Le «financeur» Dassault

C’est Serge Dassault, le maire de Corbeille Essonnes, département de l’Ile de France, qui a financé le voyage de dix jeunes au Maroc, en compagnie de Khalil Marroun et du président de l’association des sépharades de France, Simon Hamida. Dassault finance de nombreuses activités de ressortissants maghrébins de la région. L’an dernier, c’est lui qui a permis l’organisation de la fantasia. C’est aussi lui qui a subventionné la mosquée Salam dans l’Essonnes. Le véritable moteur des actions menées par le grand industriel se trouverait dans l’acquisition d’une partie de l’électorat d’origine maghrébine.

Les origines d’une mauvaise perception de l’islam

Pourquoi l’opinion française a-t-elle une image négative sur l’islam ? pour Marroun, l’explication tiendrait à la coincidence historique entre ce qu’il appelle l’éveil islamique et la révolution iranienne. «C’est au début des années 80 que tout a commencé en France. Or, à cette même époque, Khomeini triomphait en Iran.
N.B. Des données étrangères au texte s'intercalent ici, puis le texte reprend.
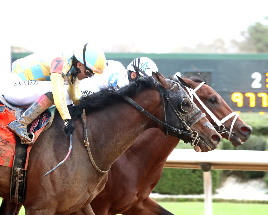 Commandment, who edged Chief Wallabee by a neck in the Fountain of Youth, won for the third straight time and both horses earned triple-digit Beyer Speed Figures (101-100). Commandment and Chief Wallabee, the latter making just his second career start in the Fountain of Youth, are now co-second choices on David Aragona’s line at 8-1. A rematch is likely in the Grade 1 Florida Derby, and won’t that be fun if it happens?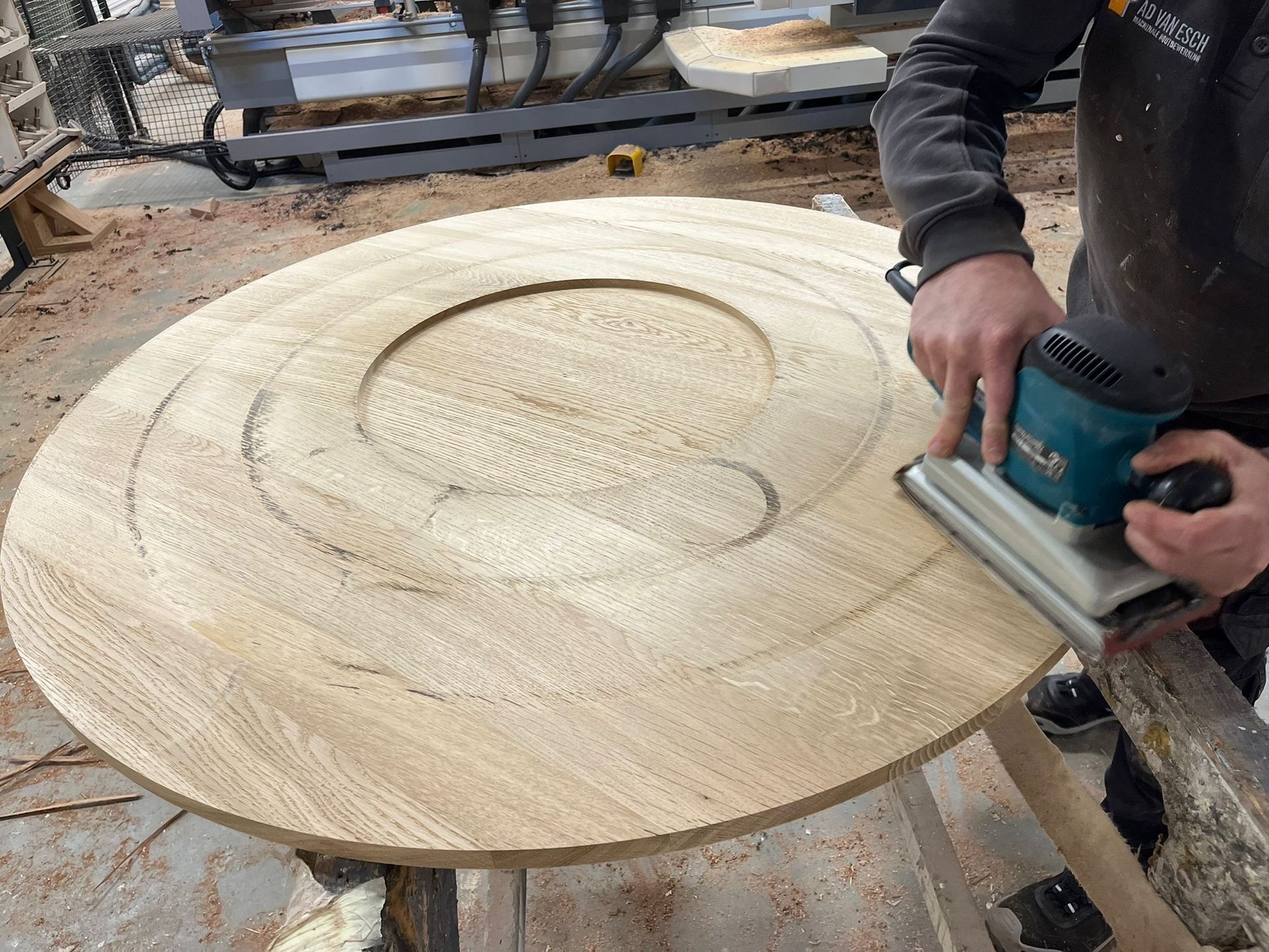Robuust Maatwerk is inmiddels bezig met de realisering van de bar (ontwerp WEA.) voor het nieuw te realiseren café aan de Oude Tweebergenpoort in Maastricht. Op de foto (foto: John Paulus) is het uit delen Moeraseik samengestelde barblad, in wording, te zien. De bar gaat een lengte hebben van ruim 5 1/2 meter en wordt naast het Moeraseik opgebouwd uit blank staal (geolied).

Les médias ont rapidement véhiculé des clichés négatifs sur l’islam, sans différencier entre les sociétés ou même voir ce qui se passe ailleurs, comme au Maroc».

La Mosquée d’Evry au cœur d’un conflit juridique

Un conflit oppose l’actuel recteur de la mosquée d’Evry à la ligue mondiale islamique . La propriété de la mosquée a été léguée, il y a plusieurs années, à la ligue pour éviter toute appropriation personnelle. Mais les responsables de la Ligue ne semblent pas être du même courant que le recteur qui souhaite «passer la main en ayant une mosquée saine».